2. The apparent dissociation constants, at 25°C., for sixteen basic local anesthetics are presented for ionic strengths up to µ = 2.0.
3. For each of sixteen basic local anesthetics it is found that the extracellular concentrations of undissociated molecules required to produce 50 percent reduction in the rate of cell division of fertilized Arbacia eggs is independent of the extracellular pH, provided the intracellular pH is held constant. A similar result is obtained for the effect of thirteen basic local anesthetics on the movement of Arbacia larvae. These observations indicate that the basic local anesthetics penetrate these living cells principally, and in most cases entirely, in the form of undissociated molecules.
4. For each of two representative local anesthetics it is found that a partial pressure of carbon dioxide sufficient to increase the cytoplasmic concentration of local anesthetic cations corresponding to a given extracellular concentration of undissociated local anesthetic molecules also increases the anesthetic effectiveness of the substance at each concentration of undissociated molecules.
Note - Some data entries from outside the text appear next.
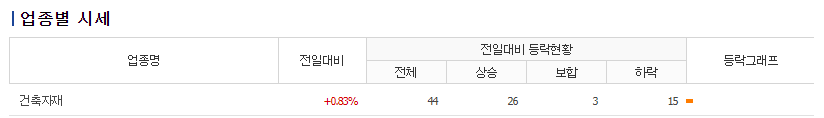 업종별 시세를 보면 건축자재는 전체가 44개의 종목이며 2021년 4월 8일 대비 4월 9일은 +0.83%였습니다.
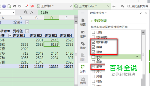 在“字段列表”下选择需要汇总的字段,也就是最后拆分出的小表格中需要包含的字段和汇总数据。
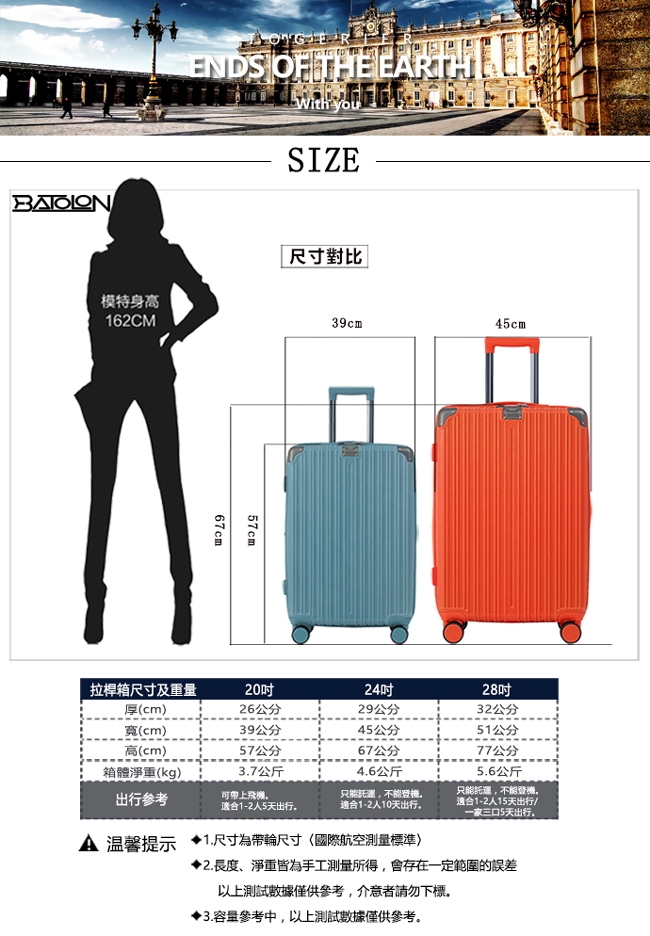 ※ 請勿用拉桿將箱子提起,提起箱子時請用上方或側面的把手;拉桿適用於配合輪子拖行時使用。
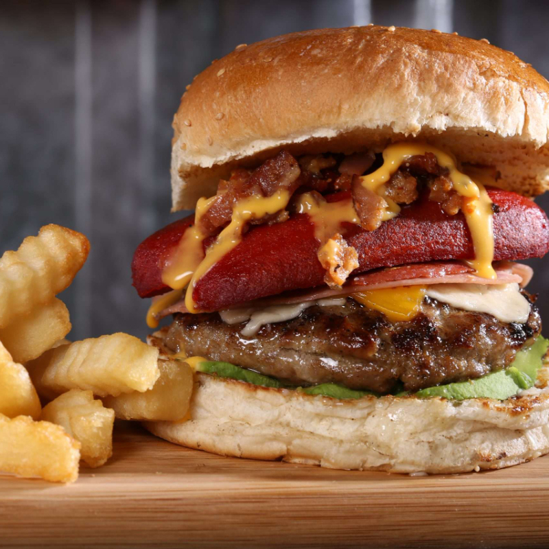 150 gr de deliciosa carne de arrachera, huevo frito, salchicha, tocino, lechuga, tomate, cebolla, aderezos y 150 gr de papa ondulada
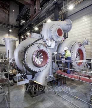 內(nèi)蒙古的空分項目將為伊泰集團的煤液化廠供應(yīng)氧氣。每臺機組的空氣壓縮機為STC-SR系列軸流-離心式壓縮機,每小時進氣量為72萬立方米。每臺機組均配備了六段整體齒輪式增壓機及SST-600型蒸汽輪機(作為共用驅(qū)動裝置)。壓縮機組將在2014年夏開始交付給客戶。
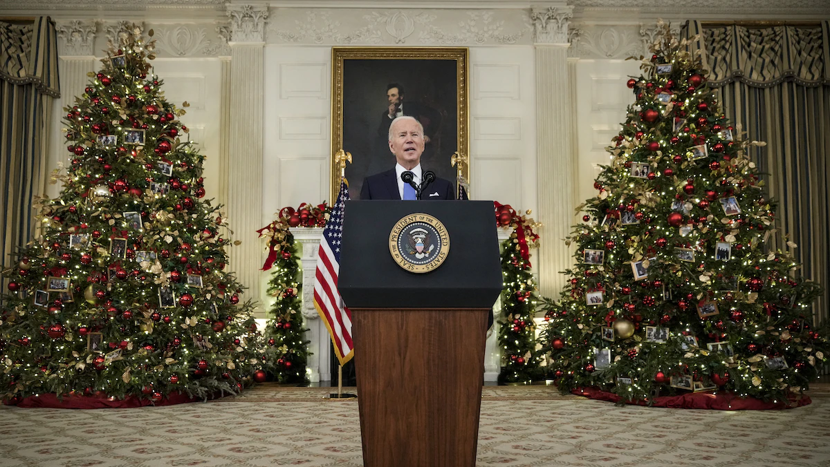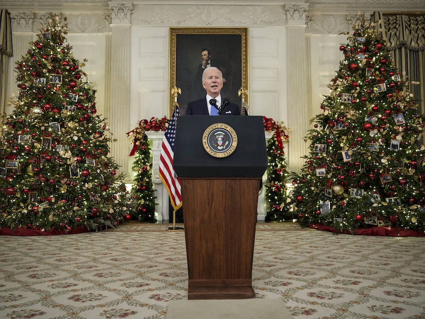 الرئيس الأميركي جو بايدن خلال إلقائه خطاباً في البيت الأبيض- 21 ديسمبر 2021 - AFP
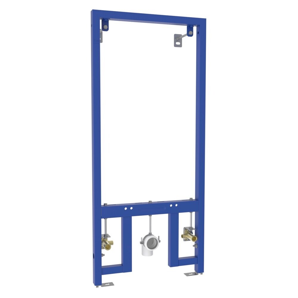 Инсталляция для биде с выходом на горячую и холодную воду. Каркас выполнен из металла, окрашенного антикоррозийной эмалью, что значительно увеличивает срок службы. Инсталляционная рама имеет ширину 50 см. Высота регулируется от 1123 до 1363 мм. Инсталляция выдерживает нагрузку в 400 кг, обеспечивая надежное крепление биде. Есть возможность монтажа в угол.
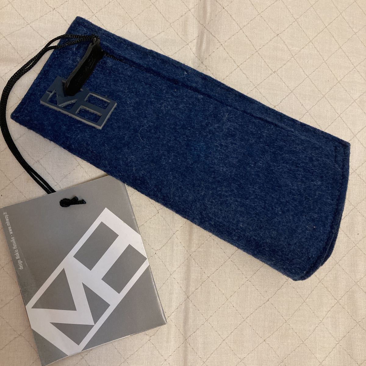 - MH WAY ペンケース 紺 フェルト ファスナー開閉式 レザー使い ロゴマーク入り タグ付き 未使用 送料無料
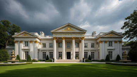 A stately mansion with classical architectural elements stands prominently. The building features white facades, symmetrical design, and detailed columns. Lush green lawns and decorative fountains adorn the foreground. The sky above is filled with dramatic cloud formations, suggesting a potential weather change. This image is suitable for various commercial uses, including real estate promotions and architectural illustrations.
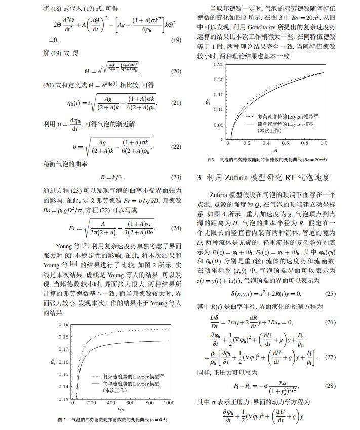 RT不穩(wěn)定性大致可以分為三個階段:早期線性增長階段、非線性增長階段和湍流混合階段。在早期階段,微擾振幅增長率呈指數(shù)增長,這一點(diǎn)人們已經(jīng)達(dá)成共識。當(dāng)微擾振幅和波長可以比擬時,非線性發(fā)生,此時重流體以尖釘?shù)男问皆谳p流體中演化,而輕流體則以氣泡的形式在重流體中上升。在非線性增長的后期,氣泡和尖釘則是以恒定的速度增長。為了描述這一階段的演化,歷史上曾出現(xiàn)兩種主要的理論模型,一種是Layzer模型,另一種是Zufiria模型。1955年Layzer建立了適用于氣泡頂端附近的勢流模型,被稱之為Layzer模型。Zhang后來對該模型的速度勢進(jìn)行了修改。Goncharov、Sohn等人分別提出了新的速度勢,將Layzer模型推廣并應(yīng)用于任意密度比情形。1988年Zufiria提出了另一種理論模型,該模型假想在氣泡的下面存在一個點(diǎn)源,又稱點(diǎn)源模型。Zufiria模型的速度勢是復(fù)數(shù),而Layzer模型的速度勢是實(shí)數(shù)。Zufiria模型的運(yùn)算過程比Layzer模型復(fù)雜。早期Zufiria模型也只適用于無限密度比情形。后來Sohn將其推廣并應(yīng)用于任意密度比情形。
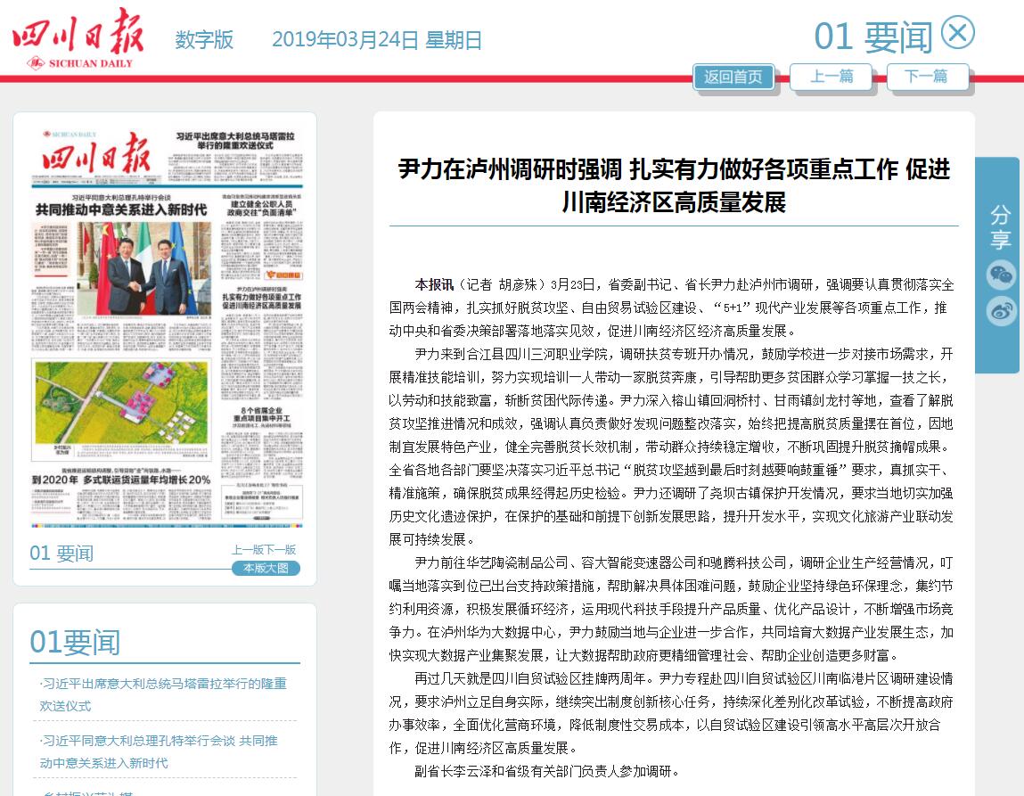 四川日报报道:四川省委副书记、省长尹力赴泸州市调研,莅临四川三河职业学院调研扶贫专班开办情况
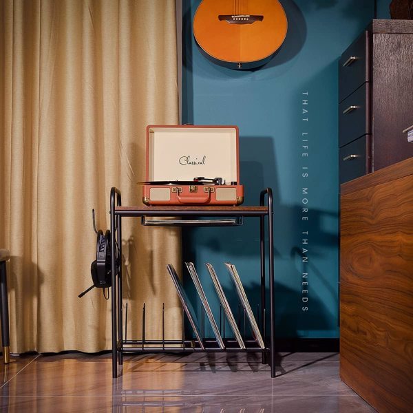 Record player stand with storage. After my long research on the market, record player stand vintage decided to use a combination of brown wood grain and metal bracket, thus highlighting the rustic elements and modern silhouette, the unique industrial retro style design turntable stand suitable for any place in the room, which is a great addition and accent to add some kind of beauty to the space.
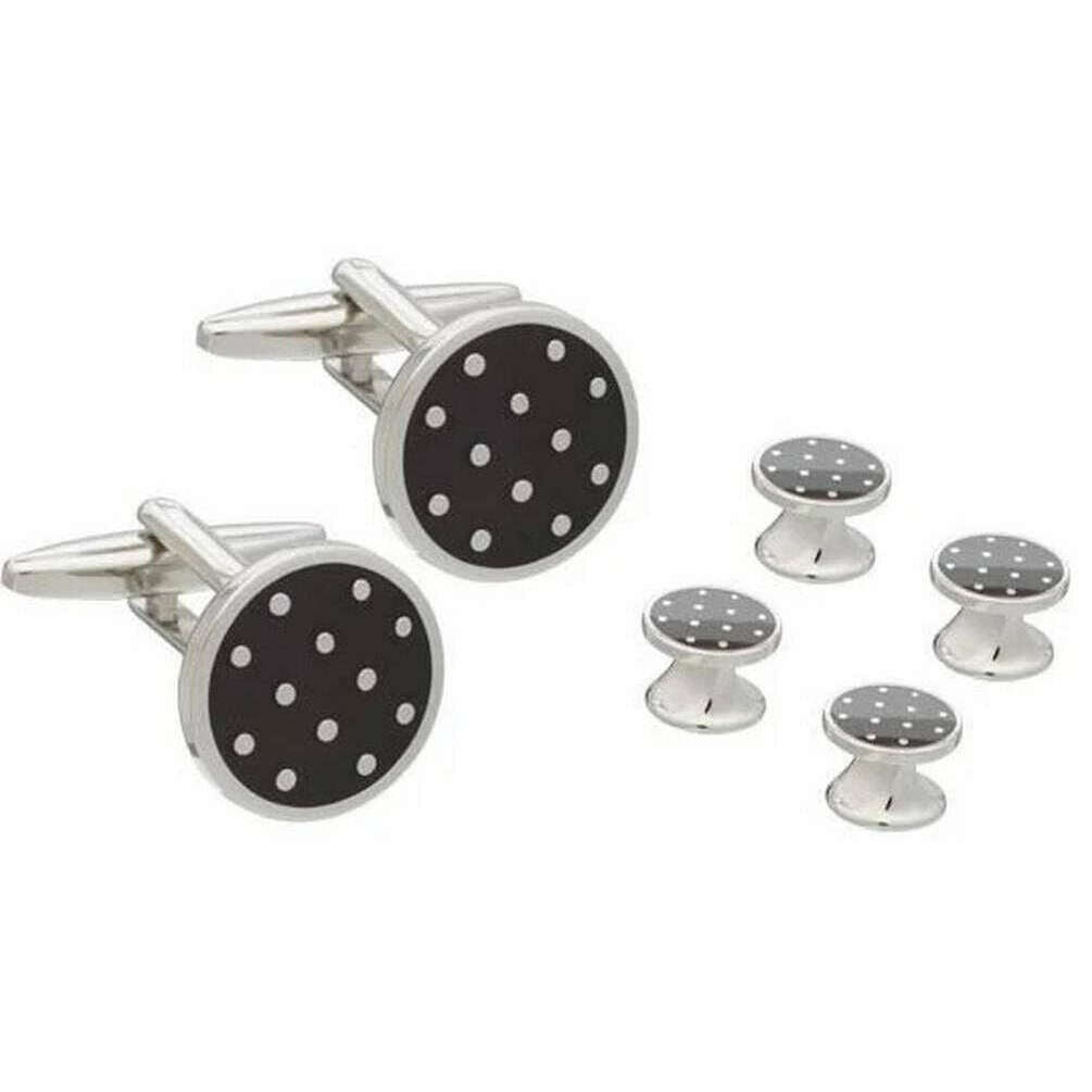 Zestaw ćwieków i spinek do mankietów Davida Van Hagena w kropki - czarny/srebrny
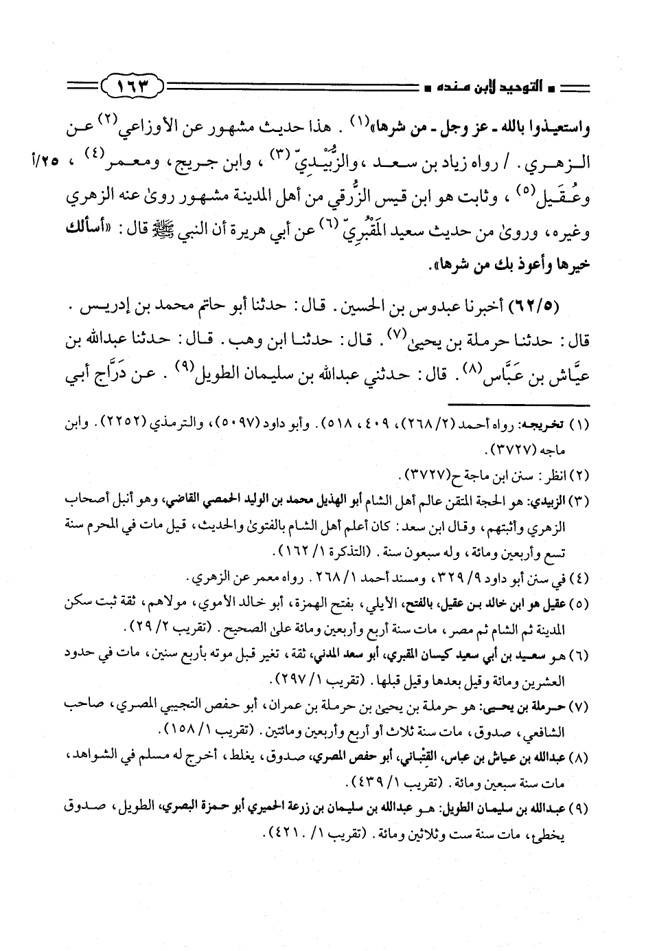 (¬٤) فى سنن أبو داود ٣٢٩/ ٩، ومسند أحمد ٢٦٨/ ١. رواه معمر عن الزهرى.
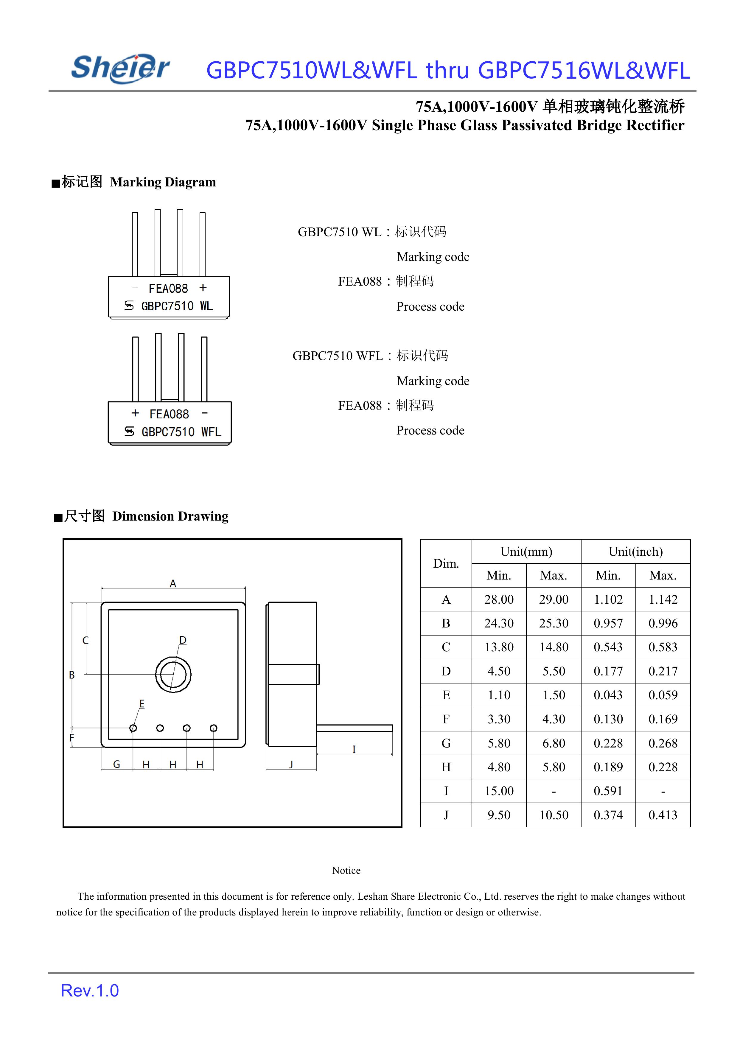 sheier/乐山希尔 GBPC7516WL/GBPC7512WL/GBPC7510WL 全新原厂原装高压大电流分立式功率整流器件整流桥,1600V~600V、75A、单排针脚式方形桥堆:GBPC7516WL/GBPC7512WL/GBPC7510WL。正向整流电流:75A;反向峰值电压:1600V~600V;;正向压降VF:1.2V;封装方式:ST-S针脚式;最小包装数量:100pcs/盒。
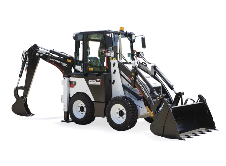 Tractopelle HMK 62 avec relevage pour se transformer en tracteur
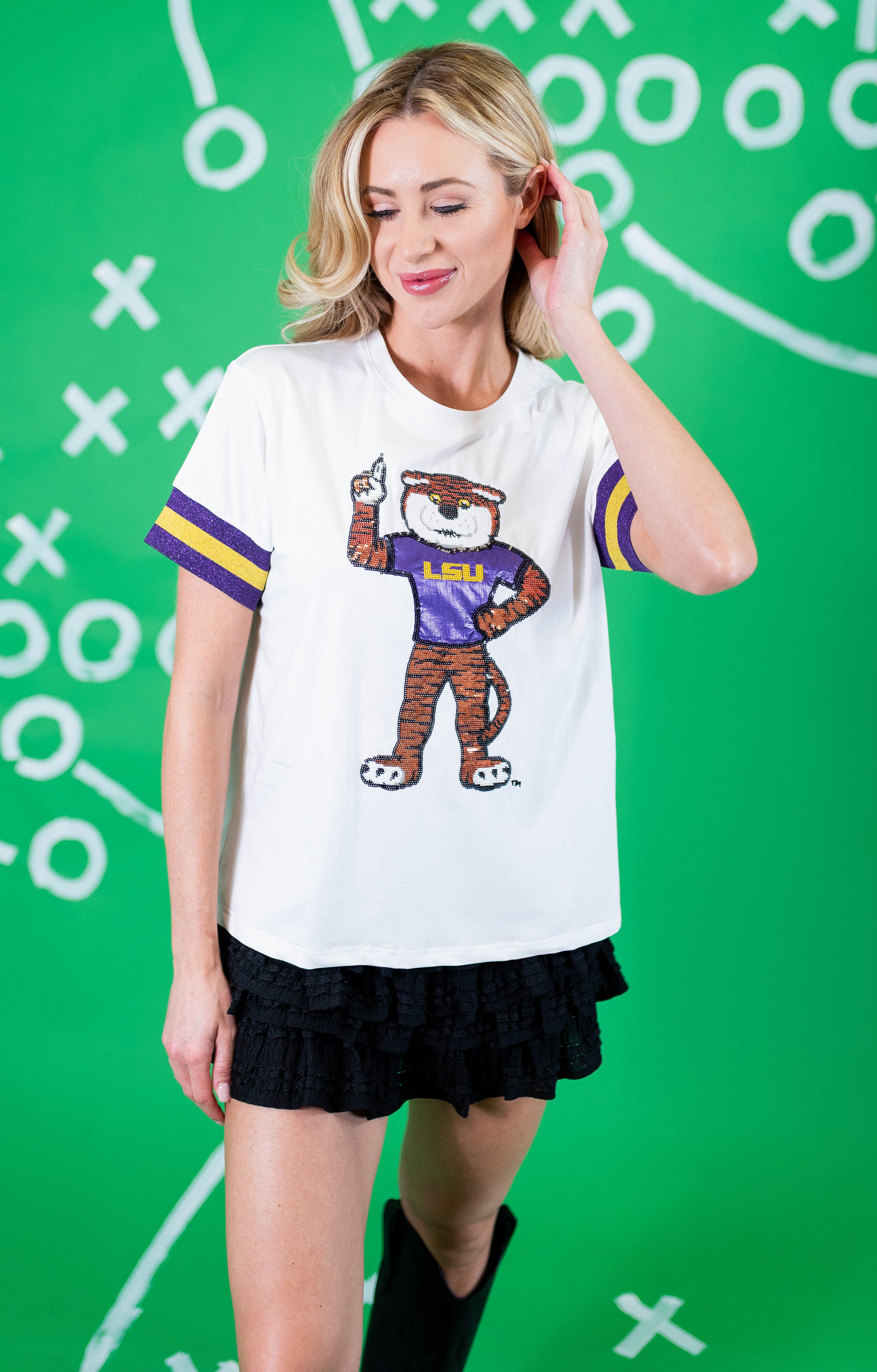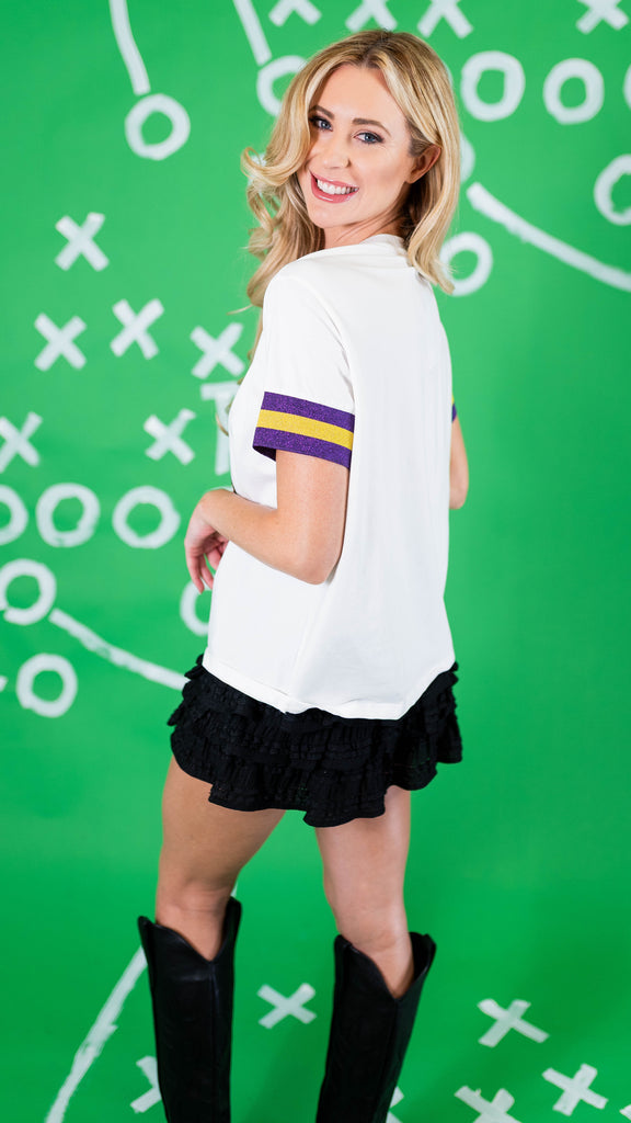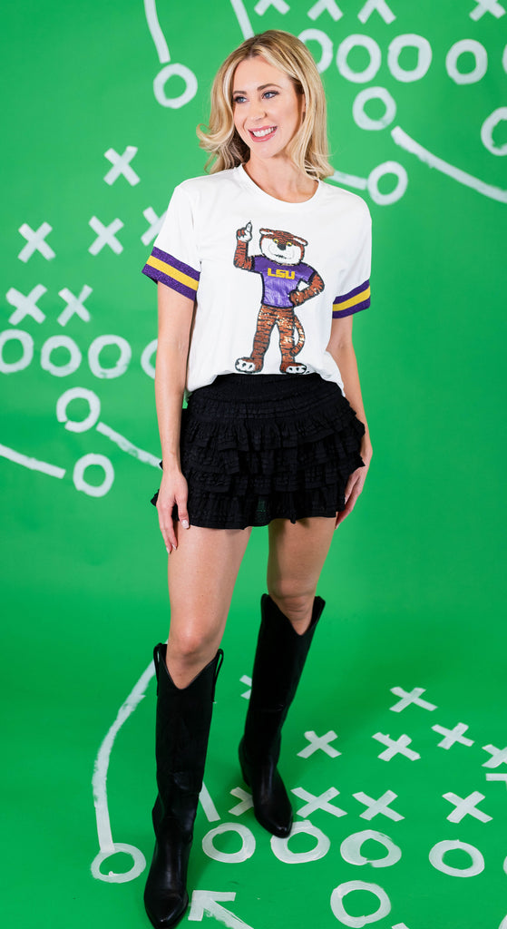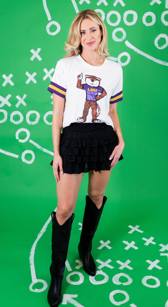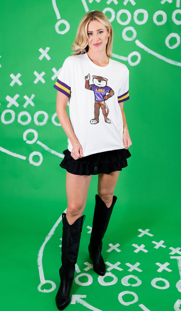 The LSU Sparkle Logo T-Shirt is a soft, cotton tee with a bit of spandex stretch for maximum comfort and wearability. It features sparkly university logo on chest with beautiful embroidered and appliqué details with stripe trim on sleeves in team colors.

Conversely, a concentration of ammonia sufficient to decrease the cytoplasmic concentration of local anesthetic cations corresponding to a given extracellular concentration of undissociated local anesthetic molecules decreases the anesthetic effectiveness. These results are interpreted to mean that it is the local anesthetic cation, and not the undissociated molecule, which is active inside the cell in producing the anesthetic effect.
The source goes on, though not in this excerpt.